Information shown -
⟨

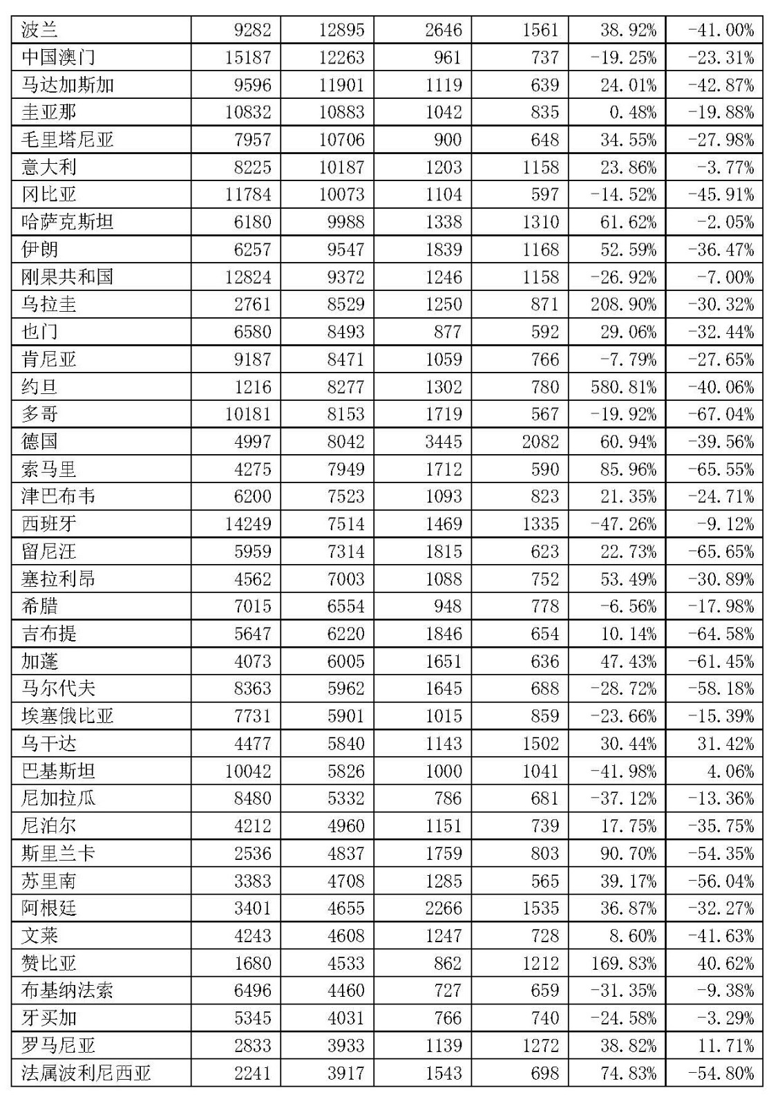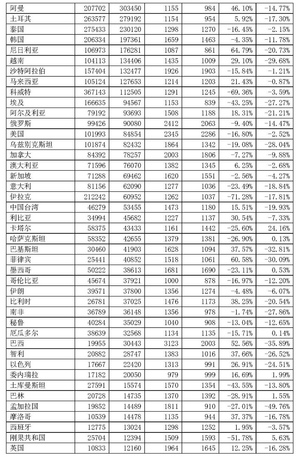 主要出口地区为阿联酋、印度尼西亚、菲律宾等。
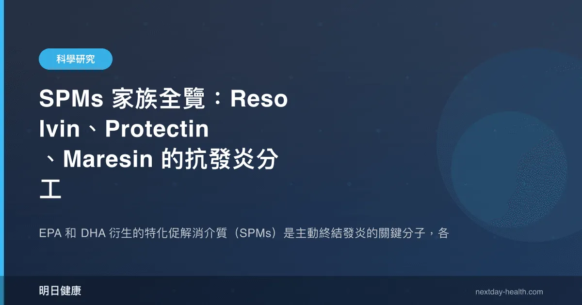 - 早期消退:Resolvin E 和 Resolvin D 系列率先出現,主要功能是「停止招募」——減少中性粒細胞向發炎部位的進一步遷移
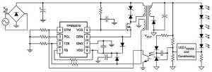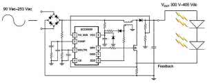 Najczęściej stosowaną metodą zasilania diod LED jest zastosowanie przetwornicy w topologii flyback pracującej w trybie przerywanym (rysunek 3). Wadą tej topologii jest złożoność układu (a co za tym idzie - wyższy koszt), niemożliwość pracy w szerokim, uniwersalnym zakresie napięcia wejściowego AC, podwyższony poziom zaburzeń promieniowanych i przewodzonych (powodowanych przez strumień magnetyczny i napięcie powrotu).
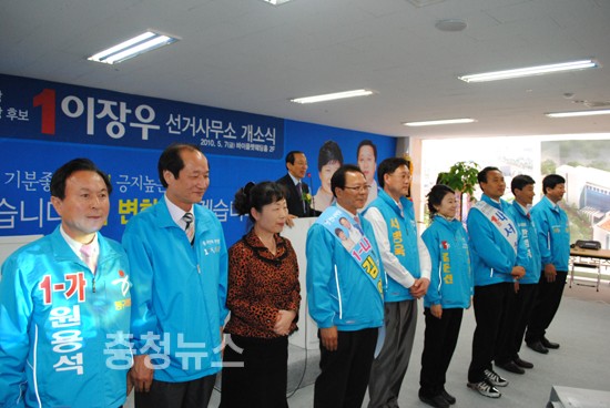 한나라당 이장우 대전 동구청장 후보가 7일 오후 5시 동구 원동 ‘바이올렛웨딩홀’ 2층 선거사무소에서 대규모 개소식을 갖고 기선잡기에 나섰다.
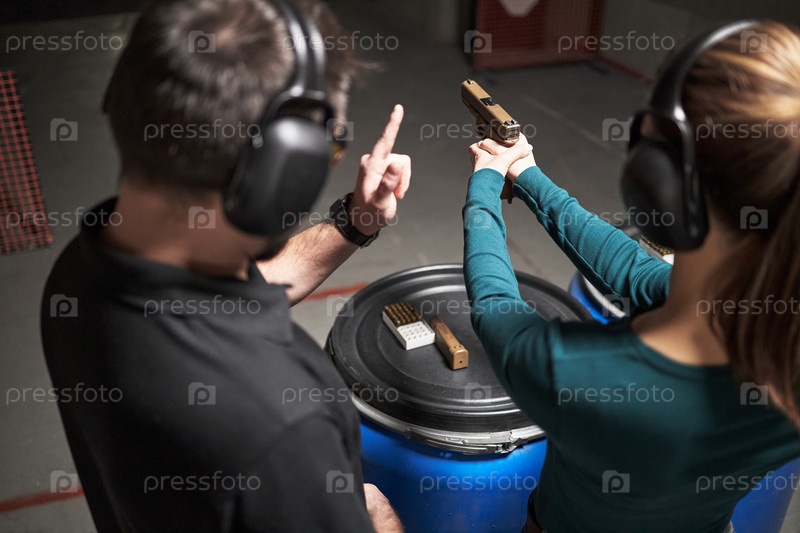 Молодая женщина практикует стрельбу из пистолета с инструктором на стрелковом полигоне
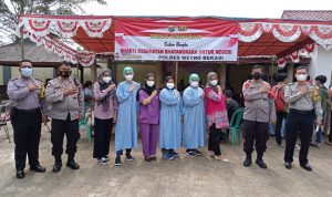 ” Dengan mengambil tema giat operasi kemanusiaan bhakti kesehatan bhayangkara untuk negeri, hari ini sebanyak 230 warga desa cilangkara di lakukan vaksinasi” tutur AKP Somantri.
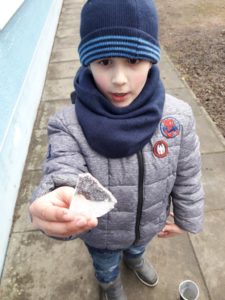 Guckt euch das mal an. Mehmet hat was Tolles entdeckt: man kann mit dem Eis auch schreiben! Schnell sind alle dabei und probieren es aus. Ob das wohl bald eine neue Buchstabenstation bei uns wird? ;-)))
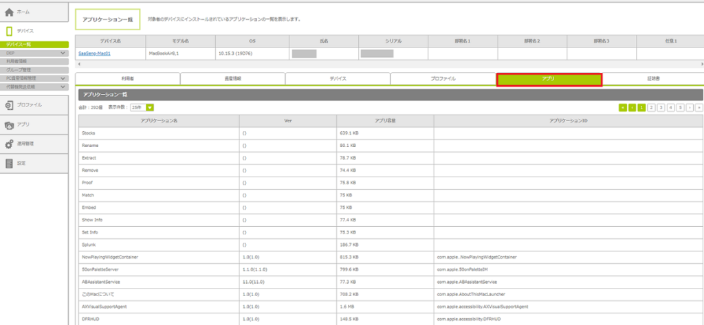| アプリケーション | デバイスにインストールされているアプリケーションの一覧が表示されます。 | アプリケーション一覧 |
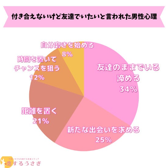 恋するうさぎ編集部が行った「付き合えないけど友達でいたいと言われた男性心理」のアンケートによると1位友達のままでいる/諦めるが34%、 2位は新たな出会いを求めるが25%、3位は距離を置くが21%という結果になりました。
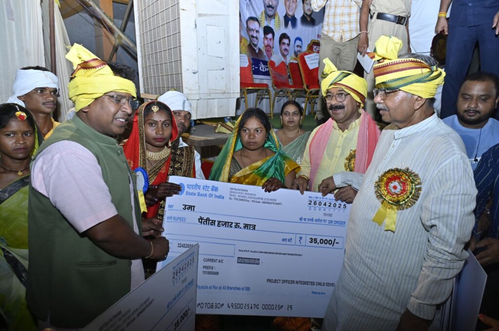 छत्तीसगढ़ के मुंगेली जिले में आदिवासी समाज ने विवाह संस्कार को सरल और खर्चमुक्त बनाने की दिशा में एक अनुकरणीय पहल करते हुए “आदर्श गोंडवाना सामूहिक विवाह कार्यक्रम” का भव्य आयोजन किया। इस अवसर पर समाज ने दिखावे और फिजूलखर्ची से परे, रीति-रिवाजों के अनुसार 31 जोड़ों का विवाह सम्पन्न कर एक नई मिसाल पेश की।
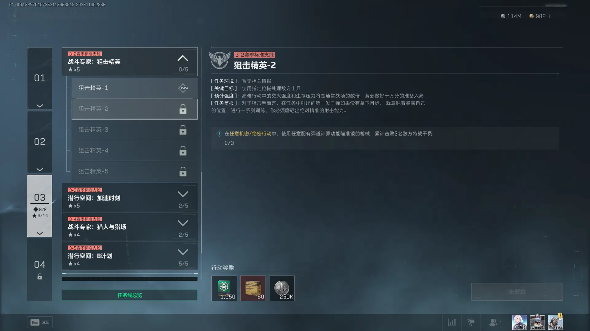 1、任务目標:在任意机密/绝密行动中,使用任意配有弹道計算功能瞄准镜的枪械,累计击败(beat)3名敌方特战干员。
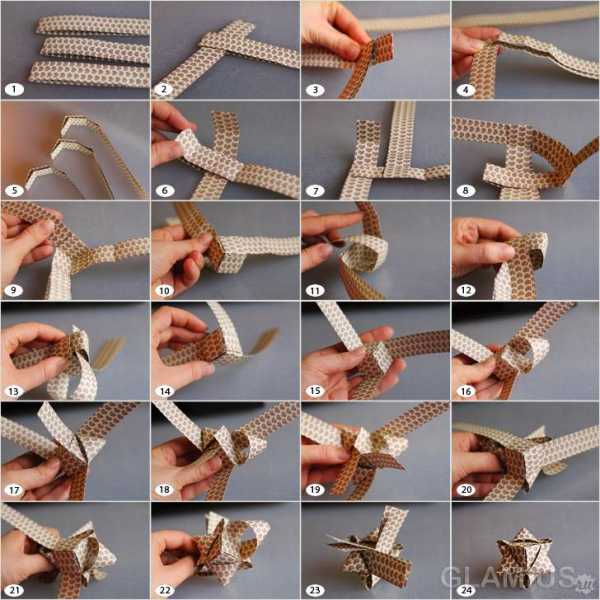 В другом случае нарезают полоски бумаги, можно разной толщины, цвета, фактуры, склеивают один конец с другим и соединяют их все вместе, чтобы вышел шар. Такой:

⟩
⟨

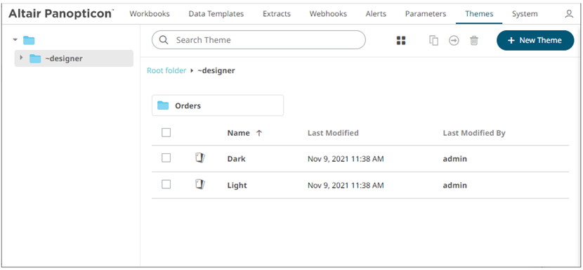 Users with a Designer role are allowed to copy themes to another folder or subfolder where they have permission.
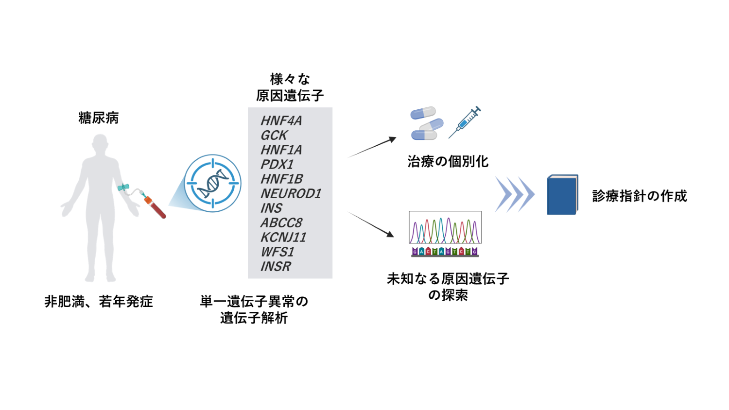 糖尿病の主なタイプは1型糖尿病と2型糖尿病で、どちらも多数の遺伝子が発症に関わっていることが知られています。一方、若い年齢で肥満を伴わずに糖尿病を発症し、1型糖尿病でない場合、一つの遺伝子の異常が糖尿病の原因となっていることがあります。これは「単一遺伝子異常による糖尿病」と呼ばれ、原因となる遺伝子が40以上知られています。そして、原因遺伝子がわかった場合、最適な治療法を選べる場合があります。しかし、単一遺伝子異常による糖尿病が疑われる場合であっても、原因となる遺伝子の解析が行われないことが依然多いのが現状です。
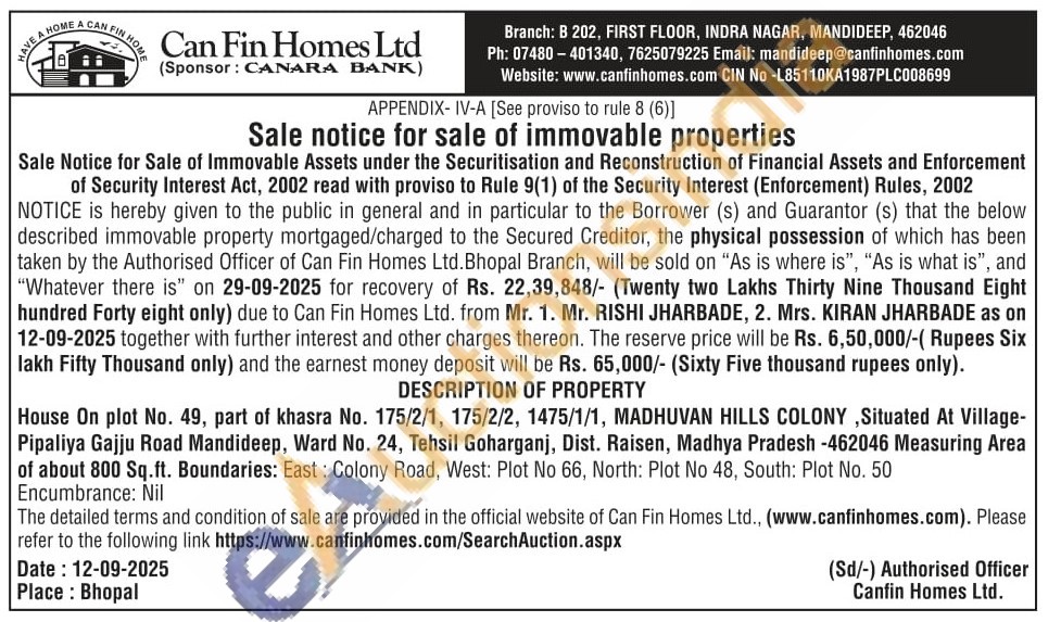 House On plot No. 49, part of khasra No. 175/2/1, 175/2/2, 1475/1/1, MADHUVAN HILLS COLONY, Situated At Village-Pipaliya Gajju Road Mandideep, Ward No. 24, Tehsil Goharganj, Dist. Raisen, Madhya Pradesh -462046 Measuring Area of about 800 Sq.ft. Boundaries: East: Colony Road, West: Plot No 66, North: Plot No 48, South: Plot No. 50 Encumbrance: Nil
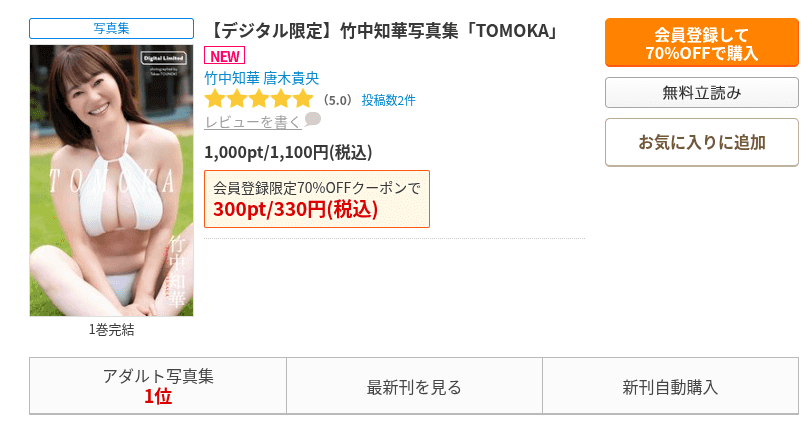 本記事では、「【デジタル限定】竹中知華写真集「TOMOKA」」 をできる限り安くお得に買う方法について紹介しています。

⟩

Exercise instructions - Each line between the one holding "tutur AKP Somantri." and the one holding "В другом случае", inclusive, should be copied exactly as it appears above, and pictures should be omitted.

Solution for this exercise -
 ” Dengan mengambil tema giat operasi kemanusiaan bhakti kesehatan bhayangkara untuk negeri, hari ini sebanyak 230 warga desa cilangkara di lakukan vaksinasi” tutur AKP Somantri.
 Guckt euch das mal an. Mehmet hat was Tolles entdeckt: man kann mit dem Eis auch schreiben! Schnell sind alle dabei und probieren es aus. Ob das wohl bald eine neue Buchstabenstation bei uns wird? ;-)))
| アプリケーション | デバイスにインストールされているアプリケーションの一覧が表示されます。 | アプリケーション一覧 |
 恋するうさぎ編集部が行った「付き合えないけど友達でいたいと言われた男性心理」のアンケートによると1位友達のままでいる/諦めるが34%、 2位は新たな出会いを求めるが25%、3位は距離を置くが21%という結果になりました。
 छत्तीसगढ़ के मुंगेली जिले में आदिवासी समाज ने विवाह संस्कार को सरल और खर्चमुक्त बनाने की दिशा में एक अनुकरणीय पहल करते हुए “आदर्श गोंडवाना सामूहिक विवाह कार्यक्रम” का भव्य आयोजन किया। इस अवसर पर समाज ने दिखावे और फिजूलखर्ची से परे, रीति-रिवाजों के अनुसार 31 जोड़ों का विवाह सम्पन्न कर एक नई मिसाल पेश की।
 1、任务目標:在任意机密/绝密行动中,使用任意配有弹道計算功能瞄准镜的枪械,累计击败(beat)3名敌方特战干员。
 В другом случае нарезают полоски бумаги, можно разной толщины, цвета, фактуры, склеивают один конец с другим и соединяют их все вместе, чтобы вышел шар. Такой:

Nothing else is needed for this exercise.